In February 2024, shortly after the dismissal of Zaluzhnyi, the brigade was transferred into Avdiivka to relieve the potential encirclement of the city. After the fall of Avdiivka on February 17, the brigade took new defensive lines west of Avdiivka around Lastochkyne.
On 17 February, the brigade's press officer, Oleksandr Borodin, claimed that during its relocation to Avdiivka, his unit had killed 1,500 Russians, wounded over 3,500, and destroyed 20 armoured vehicles. He also said that the brigade has "no reports" of large numbers of their soldiers being taken prisoner.

On 27 May 2024, the brigade claimed to have killed, wounded or taken prisoner "close to" 600 Russian troops in Kharkiv Oblast. One Russian soldier captured by the brigade claimed in an interview that he was the only survivor of his 15-man section following an attack.
On 19 June, the brigade claimed that their 1st Mechanised Battalion had killed 250 Russians in Kharkiv Oblast, publishing a video that purportedly proved their claims.

On 22 August 2024, the brigade claimed to have taken 2 km2 in a counterattack against Russia's 20th Army in Kharkiv Oblast. Despite being outnumbered 2.5 to 1, they claimed to have defeated a battalion, including "platoon and company strong points", killing 300 personnel in three days and diverting Russian forces away from Makiivka.

In November 2024, it was reported that certain units of the brigade's 2nd Assault Battalion were operating in the Kharkiv Oblast.

=== 2025 ===
Plans to transform this elite formation to become the III Army Corps began in March 2025, with Andriy Biletskyi expected to retain his billet of commanding officer upon the conclusion of the reorganization process.

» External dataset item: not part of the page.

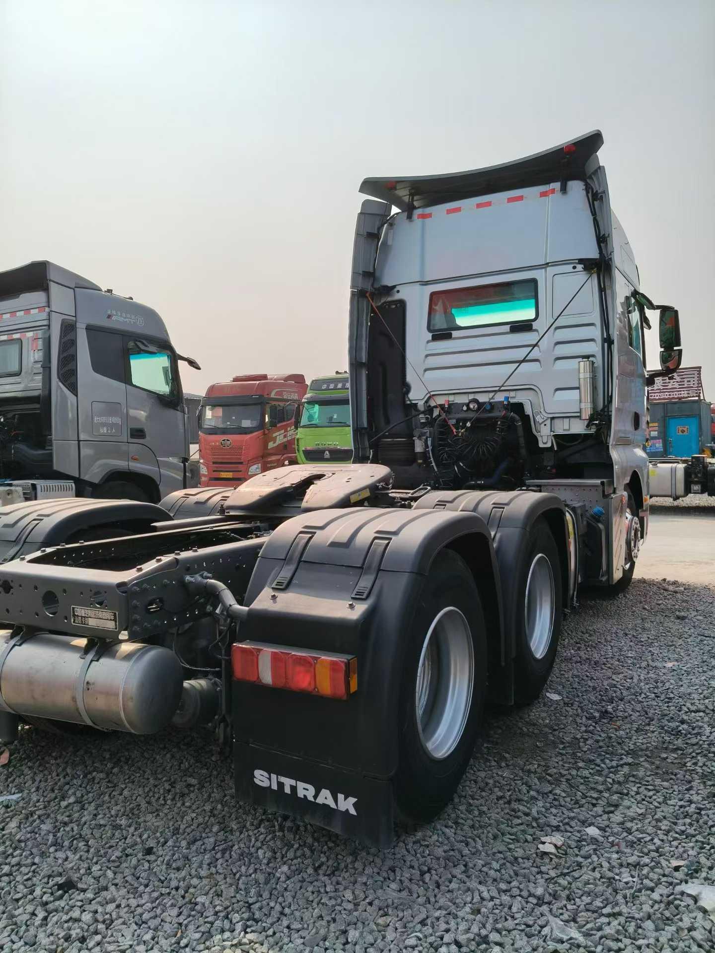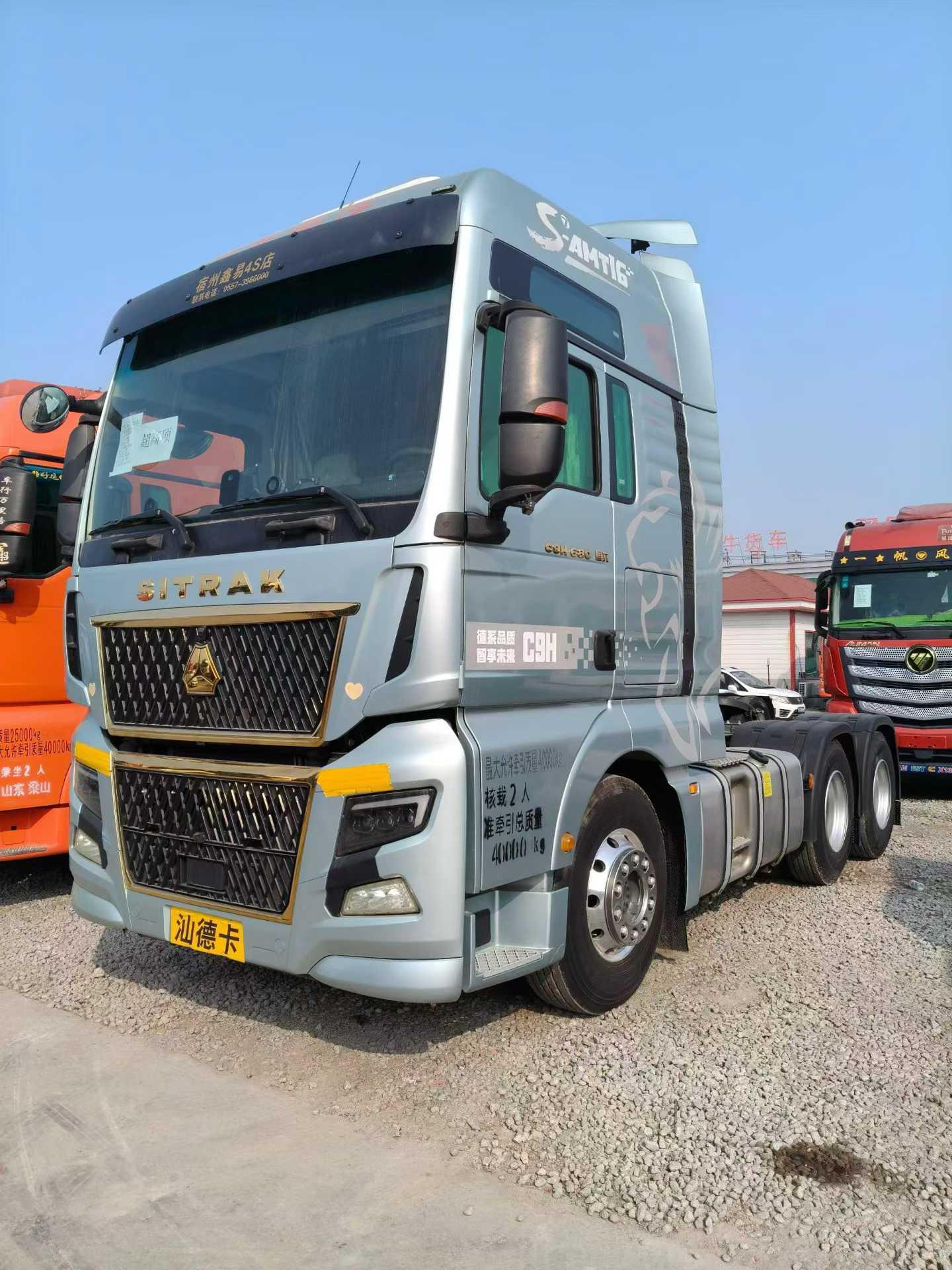 • 品牌:中国重汽·汕德卡(SITRAK)• 车型:C9H 超高顶 6×4 牵引车• 自重:约 8.3 吨• 外形尺寸:约 7170×2496×3980 mm• 轴距:3300 mm• 额定乘员:2–3 人 动力系统• 发动机:潍柴WP15T(680马力)◦ 排量: 14.6L◦ 峰值扭矩:2600–3200 N·m(900–1400 转爆发)◦ 排放标准:国六• 变速箱:重汽第七代 S-AMT16 手自一体变速箱(或 ZF12TX2621 TD)◦ 标配液力缓速器,长下坡更安全• 驱动桥:曼技术 MCY12BGS 驱动桥,主减速比约 2.71

In late March 2025, it was reported that units of the brigade, had recaptured the village of Nadiia in the Luhansk Oblast. Biletskyi claimed that this resulted in the destruction of two regiments of Russia's 20th Combined Arms Army: the 752nd and 254th Motor Rifle Regiments, as well as the recapture of 3 km2 of territory. The operation to recapture Nadiia was mainly conducted by the brigade's 1st Assault Battalion, though other units were involved, including the brigade's 2nd Mechanized Battalion and its tank battalion. The next month, combat continued near the village of Nadiia; the brigade's 1st Assault Battalion, 1st Mechanized Battalion, and 2nd Mechanized Battalion were reportedly involved. Around the same time, units of the 3rd Brigade recaptured the village of Nevske, according to deputy commander Rodion Kudriashov.

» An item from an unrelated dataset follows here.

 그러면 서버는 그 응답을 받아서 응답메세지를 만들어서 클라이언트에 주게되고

In a late March 2025 interview, Biletskyi said that the brigade was defending the town of Borova in the Kharkiv Oblast, which he said was a Russian target. The 3rd Assault Brigade was opposed by units of the 1st Guards Tank Army and the 20th Combined Arms Army.

In April and May 2025, it was reported that the 3rd Assault Brigade was holding over 50 km of the front line on the Kupiansk and Lyman fronts, which was reportedly the longest portion of the front held by any Ukrainian brigade across the entire country, and that it had done so for nearly a year. Ukrainian military journalist Yurii Butusov and brigade deputy commander Dmytro Kukharchuk both said the brigade was holding a 60 km front in June and July 2025, respectively. Butusov said this represented 5% of the entire active front line in Ukraine.

During an undated operation, the 3rd Assault Brigade claimed the world's first surrender of enemy soldiers to unmanned drones in the Kharkiv Oblast. Fpv and ground drones were used to attack the Russian positions. As more ground drones approached the position, the Russians opted to surrender. The Ukrainian ground drones then guided the Russians soldiers to the Ukrainian position where they surrendered. The press release read: "For the first time in history: Russian soldiers surrendered to the 3rd Assault Brigade's ground drones,".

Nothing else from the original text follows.